2016’da SCAQMD, TBAc’nin boya ve kaplamalardaki VOC’lerin serbest solvent listesinde kalmasına izin vermek için neredeyse yirmi yıl önce yaptıkları kararı gözden geçirme kararı aldı. 1997’de bir kimyasal imalat şirketi TBAc muafiyet statüsü için öneride bulunduğunda, uzun vadeli sağlık etkilerinin inceleneceği ve zaman içinde gözden geçirileceği uyarısıyla muafiyet için müsade verilmişti. 2000’li yılların başlarındaki çalışmalar, TBAc’nin bir kanserojen olarak bulunma potansiyeline sahip olduğunu keşfetmesi insan sağlığına potansiyel riskleri ile ilgili endişeleri artırdı. Bununla birlikte EPA, yakın zamanda TBAc’nin ürettiği VOC raporlamasından muaf tutulmasına izin vererek 20 yıllık bir politikayı tersine çevirdi. TBAc’nin hava kalitesi üzerinde önemli bir olumsuz etkisi olmadığı görülmekle birlikte, işçiler ve kaplama kullanıcıları için ciddi bir sağlık riski oluşturabilir. TBAc, muaf statüsünü kaybederse, alternatif çözücüler kullanılmak zorunda kalınacak ve kaplama endüstrisi üzerinde olumsuz bir mali etkiye sahip olacaktır. Bir zamanlar “mükemmel yeşil solvent” olarak düşünülen TBAc’nin, daha önce teşvik edildiği kadar yeşil olup olmadığını belirlemek için inceleme altında olduğu görülüyor.
Ağır Metaller
Kurşun, birçok boyada, kaplamalarda ve astarlarda onlarca yıldır anti-korozif pigment olarak kullanılan ağır bir metaldir ve olumsuz sağlık etkileri belgelenmiştir.
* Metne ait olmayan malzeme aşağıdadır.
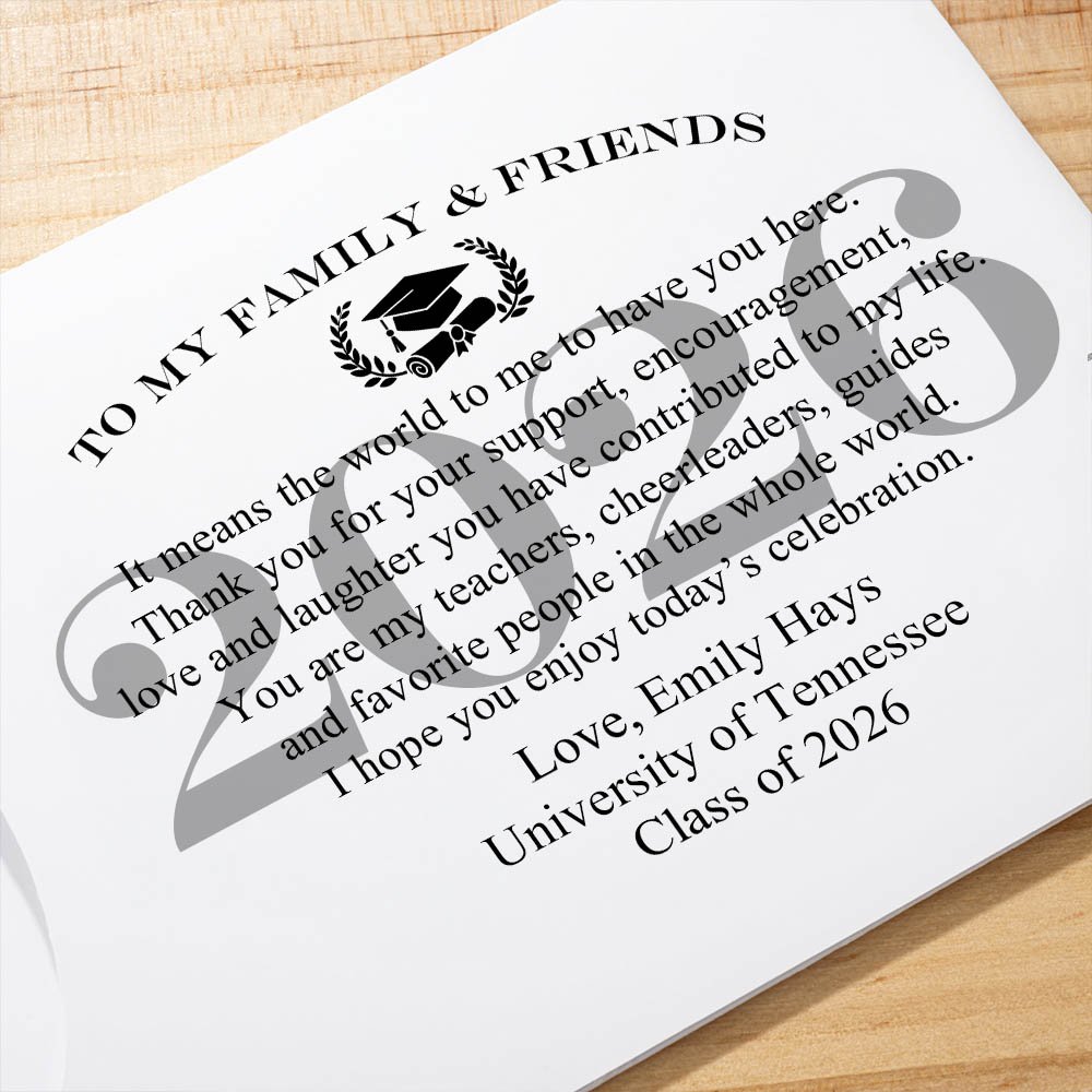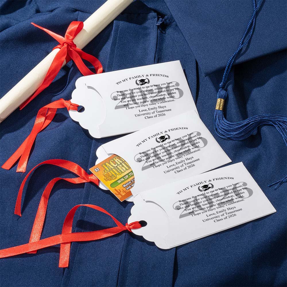 Deze enveloppen voor loten zijn zorgvuldig ontworpen met een bedankbericht op de omslag. Elke envelop kan worden versierd met een lintkleur, wat een vleugje ceremonie en elegantie toevoegt aan de presentatie. Je kunt elke envelop aanpassen met de naam van de afgestudeerde, het afstudeerjaar en de naam van de school, zodat ze een gedenkwaardig aandenken aan het afstudeerfeest worden.

Kurşun, parlak ve zengin renkler oluşturmak için başka bir ağır metal olan krom ile eşleştirildi (kurşun kromat olarak) ve boyalarda bir pigment olarak kullanıldı. 1970’lerin sonlarında ABD’de tüketici boyalarının aşamalı olarak uygulanmasına rağmen, birçok endüstriyel kaplamada kurşun kullanıldı. Kurşun, birçok endüstriyel kaplama, astar, askeri formülasyonlarda ve hatta trafik boyasında 2000’li yılların başına kadar kullanıldı. Aslında kurşun ve kromatlar günümüzde çeşitli kaplama türlerinde halen kullanılmaktadır. Birkaç yıl önce, bebek oyuncaklarından çelik kafeslere kadar ithal edilen birçok Çin malındada kurşun kromat tespit edildi. Küresel kamuoyu tepkisi, Çin’in kurşun yeşiliğini yeniden düşünmesine, kurşun esaslı boyalar ve onlarla kaplı ürünlerin ihracatı hakkıda düzenleme yapmasına neden oldu. Bununla birlikte, ülke son zamanlarda kurşun esaslı boyaların kullanımını kendi sınırları dahilinde sınırlamaya ve son olarak dünyanın kurşun algısı ve kötü etkileri konusunda geliştirmeye karar verdi.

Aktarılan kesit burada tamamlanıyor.